Critics of the proposal, chiefly Democrats and many public education advocates, have expressed concern it would weaken the state’s public school system by creating more competition for limited state funding.

“I have no desire to defund our schools or prevent their progress. But I will not turn a blind eye to opportunities for improvement where it’s necessary. A strong public school system is imperative, and my education reform bill has the potential to raise the quality of all schools,” Reynolds said Friday. “Every child deserves a quality education, regardless of income and no matter their ZIP code. And when a school is failing a child, parents should have the ability to change the course of their child’s education for the better. We will always look to create opportunities for every single Iowan, including our youngest.”

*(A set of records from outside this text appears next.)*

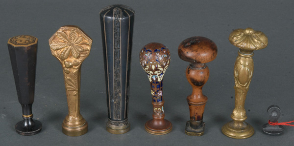 - Katalog-Nr: 534Siebentlgs. Konvolut Petschaften. England / Deutschland 19./20. Jh. Bronze / Email / Holz / Silber, H=2,2 bis 9,7 cm.o.L.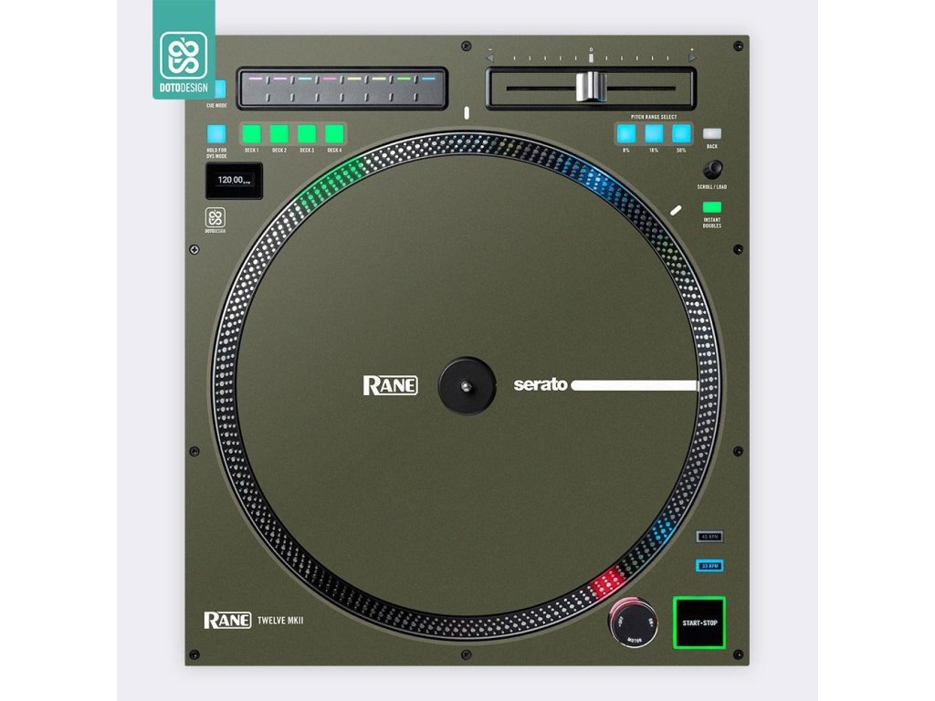 Naklejka na gramofon DJ Rane Twelve MK2 w wersji FULL COLORS, kolor army green (wojskowa zieleń).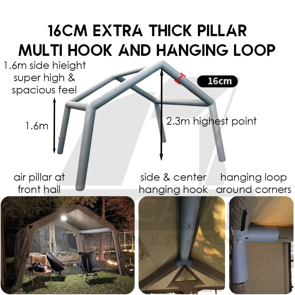 Introducing the MARS08 Air Tent, an air tent masterpiece designed for adventurers who value comfort and versatility. With its two interconnected modules, offering a spacious 16m² area (8+8m²), this tent redefines outdoor living. The 1-room 1- living hall system ensures privacy and functionality, making it perfect for families or groups.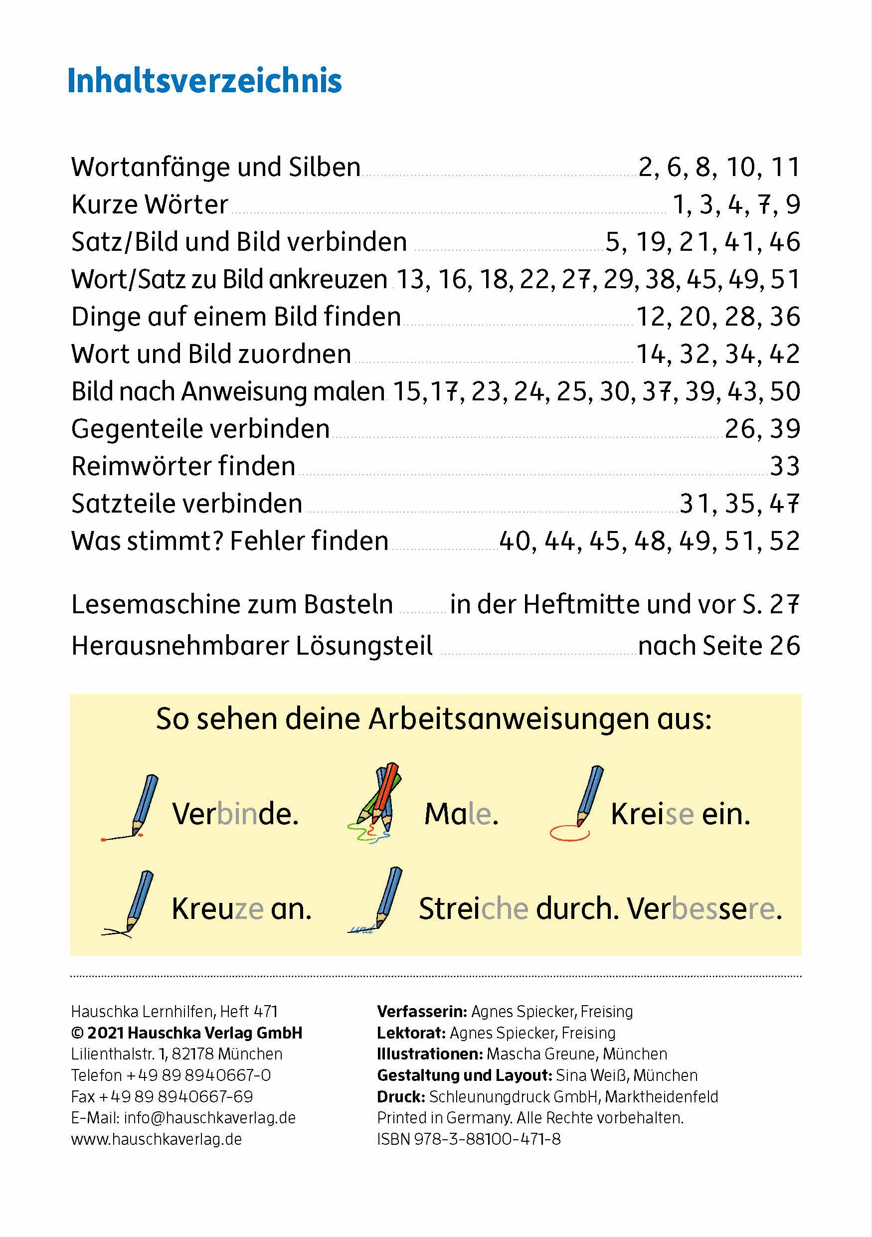 Wiederholung und Training gehören zum Lernen einfach dazu, denn nur die Übung macht die/den Meister:in. In diesem Heft finden die Kinder einfach verständliche Aufgaben mit liebevoll gestalteten Illustrationen. Gut strukturierte Übungen und ein sich in der Schwierigkeit steigernder Aufbau ermöglichen es den Schulanfängerinnen und Schulanfängern sich Schritt für Schritt das Lesen zu erschließen: von Silben und kurzen Wörtern bis zu längeren Wörtern, Lautkombinationen und einfachen Sätzen. Die Silbengliederung der Wörter ist dabei eine gute zusätzliche Unterstützung. Mit dem Heft können die Kinder selbstständig üben und ihre Lesekompetenz vertiefen und steigern. Das Training lässt sie sicherer werden, sodass sie auch mit den schulischen Herausforderungen zurechtkommen und das Lesen bald zu einem Abenteuer werden kann. Mit dabei ist eine Bastelvorlage für eine kleine „Lesemaschine“. Ein herausnehmbarer Lösungsteil bietet die Möglichkeit zur Selbstkontrolle. Zu diesem Übungsheft gibt es einen weiteren Band: Mein Übungsheft Lesen, 1. Klasse: Vom Satz zum Text.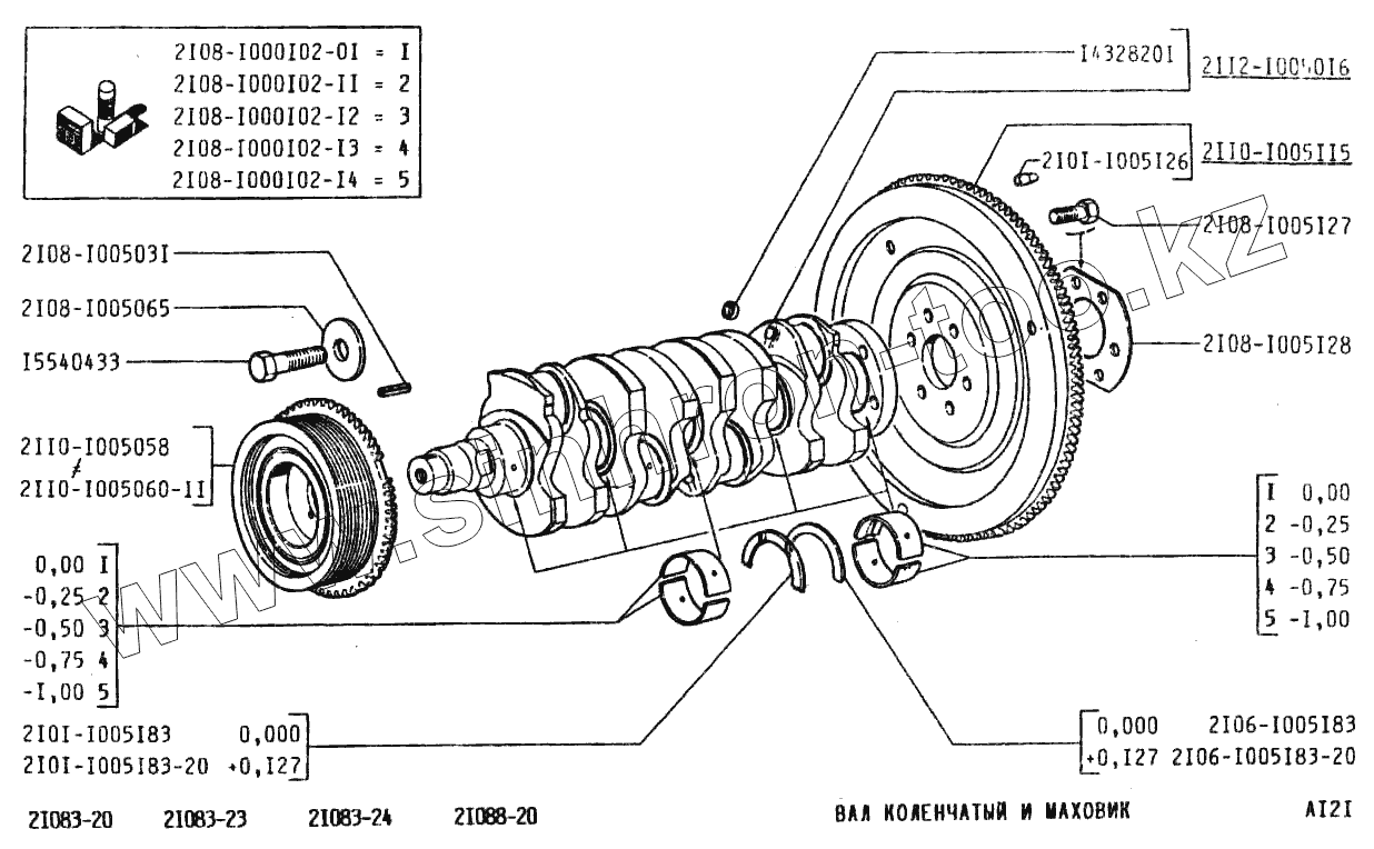 Каталог запасных частей к технике: ВАЗ-2108. Вал коленчатый и маховик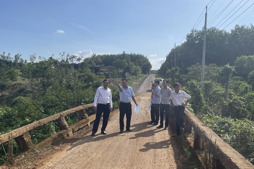 Tại các điểm, đoàn đã khảo sát thực địa các danh mục dự án công trình đường giao thông nông thôn; công trình thủy lợi, cầu; công trình điện đã được phê duyệt đầu tư theo Kế hoạch số 147 ngày 23/4/2024 của UBND tỉnh.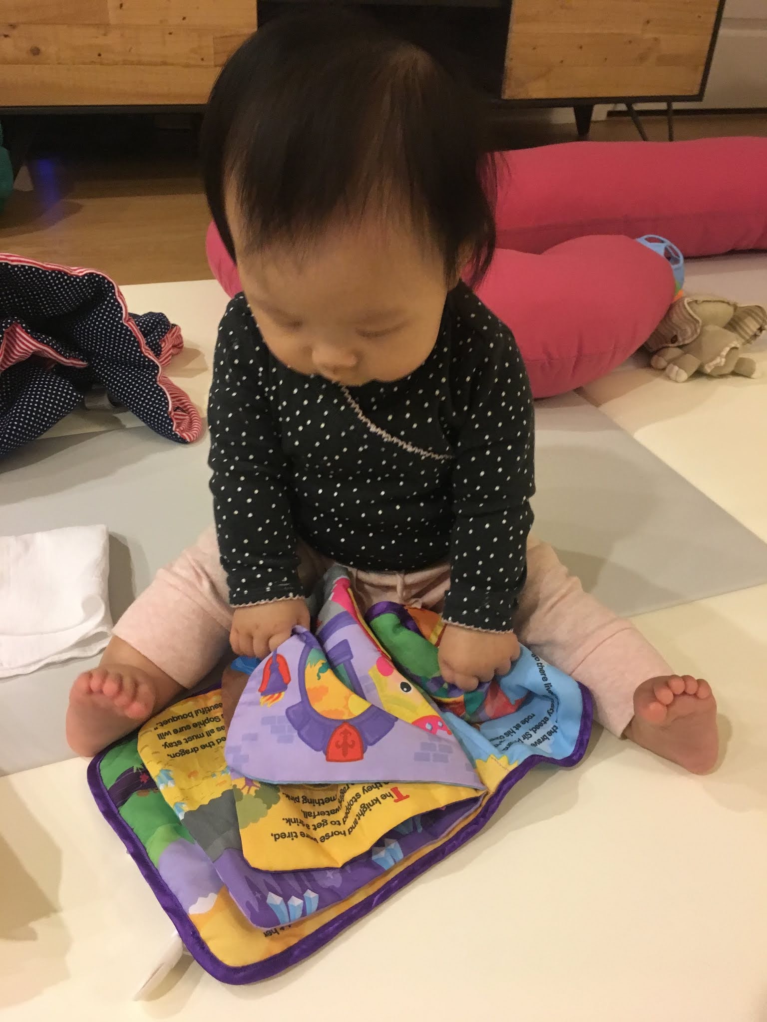 我自己兩胎的經驗,的確布書發出聲音時,90%可以吸引寶寶注意力,寶寶可以看得很專心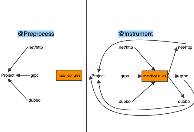 当所有预处理工作准备就绪,会调用go build -toolexec aliyun-go-agent cmd/app进行编译。-toolexec参数是自动插桩的核心,用于拦截常规的构建流程,替换为用户自定义的工具,使开发者可以更灵活地定制构建过程。这里唤起的 aliyun-go-agent 就是自动插桩工具,从而进入代码注入阶段。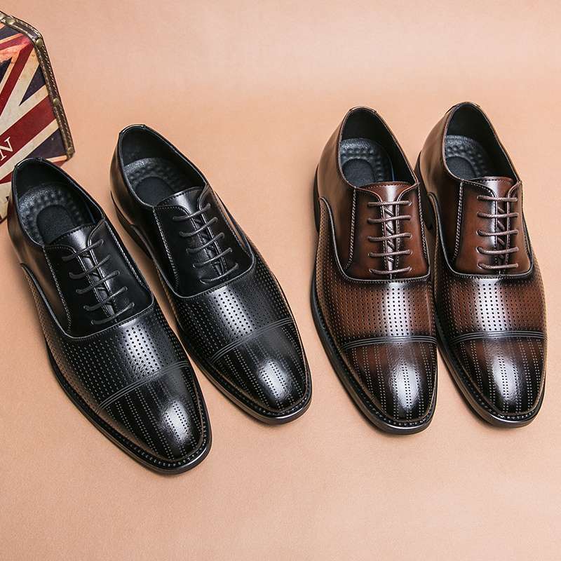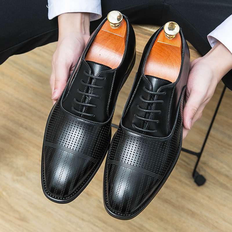 Главная страница > Красивые кожаные туфли, мужские летние кожаные сандалии, деловые туфли дерби с тремя шарнирами, мужские высококачественные дышащие полые оксфорды с защитой от запаха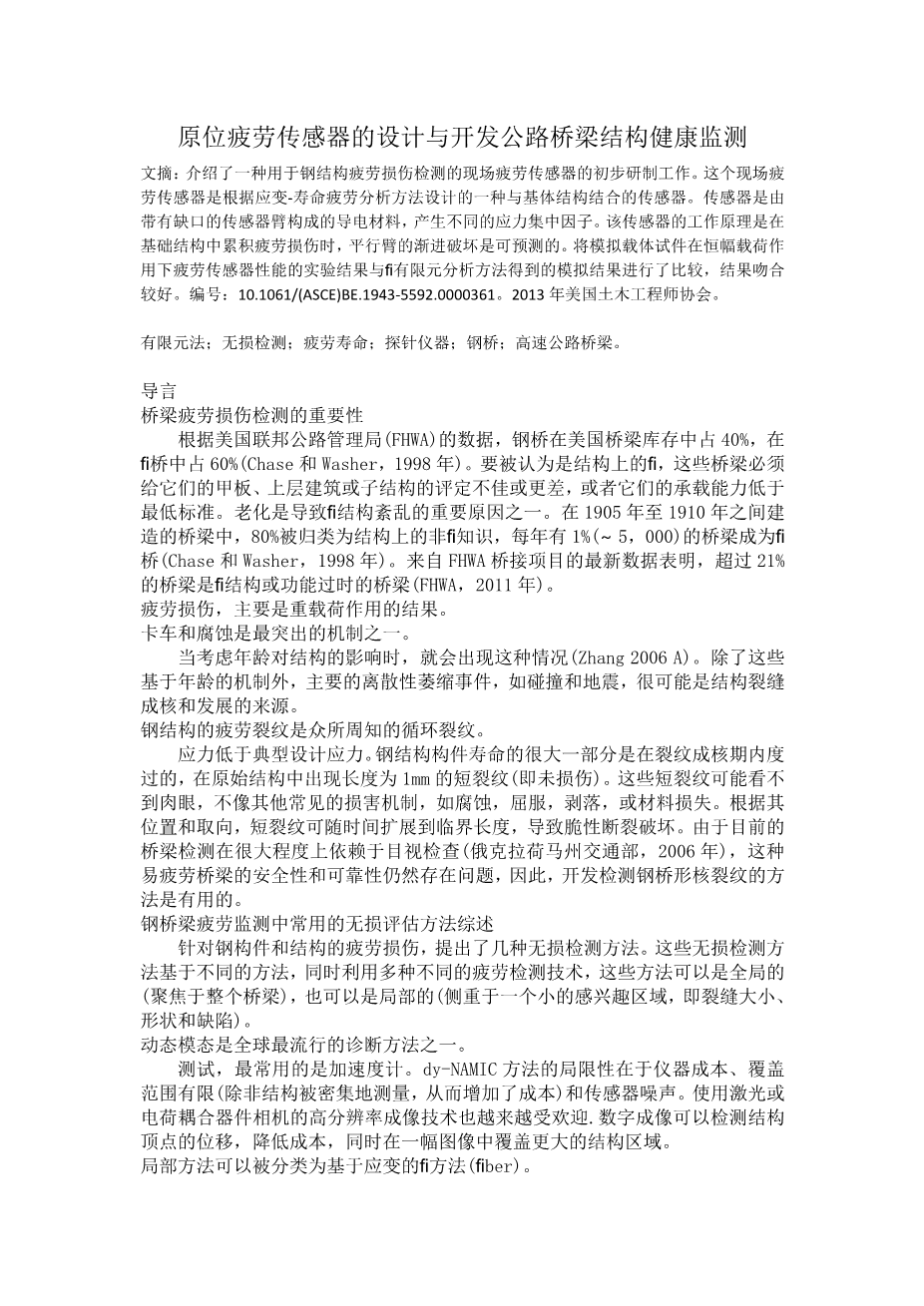 原位疲劳传感器的设计与开发公路桥梁结构健康监测外文翻译资料 2023-08-24 17:19:18 英语原文共 11 页,剩余内容已隐藏,支付完成后下载完整资料 英语译文共 15 页,剩余内容已隐藏,支付完成后下载完整资料 资料编号:[608174],资料为PDF文档或Word文档,PDF文档可免费转换为Word 原文和译文剩余内容已隐藏,您需要先支付 30元 才能查看原文和译文全部内容!立即支付 发小红书推广免费获取该资料资格。点击链接进入获取推广文案即可: Ai一键组稿 | 降AI率 | 降重复率 | 论文一键排版 PREVIOUS NEXT 您可能感兴趣的文章 在胶合木和不同木材的层压单板木材中平行于颗粒的胶合公制螺纹杆的拉压试验外文翻译资料 拥堵:停车市场定价外文翻译资料 物业税重新考虑外文翻译资料 合同在关系合同中的作用外文翻译资料 基于资源的角度中的SWOT分析外文翻译资料 房地产投资和能源效率:来自中国政策试验的证据外文翻译资料 人口老龄化、流动性和房地产价格:来自中国城市的证据外文翻译资料 地震带MR钢框架的性能标准外文翻译资料 地震工程用复合钢筋混凝土结构体系外文翻译资料 具有能量集中的刚柔混合框架抗震设计外文翻译资料

The Republican-controlled Iowa Senate passed Reynolds’ proposal this week. Three Senate Republicans voted against it, and a fourth voted against it in committee but in favor of its final passage there.

In the GOP-controlled House, Speaker Pat Grassley, R-New Hartford, said the bill will be given consideration, but not immediately.

SF 159 likely will need the support of at least 51 of the 59 House Republicans, since it seems unlikely any Democrats will support the measure. All Senate Democrats voted against it.

“During a pandemic when our schools and teachers have been forced to do even more with less, we should be investing more resources in our public schools than ever before. From ever-increasing class sizes to rural consolidation, it’s clear that we need to invest in the kids in our public schools, not take money away for vouchers,” Iowa Democratic Party chairman Ross Wilburn said in a statement. “Every child in Iowa should have the opportunity to go to a top-notch public school with all the tools they need to be successful. Iowa Democrats will continue to fight for world-class public schools for every child, no matter their ZIP code.”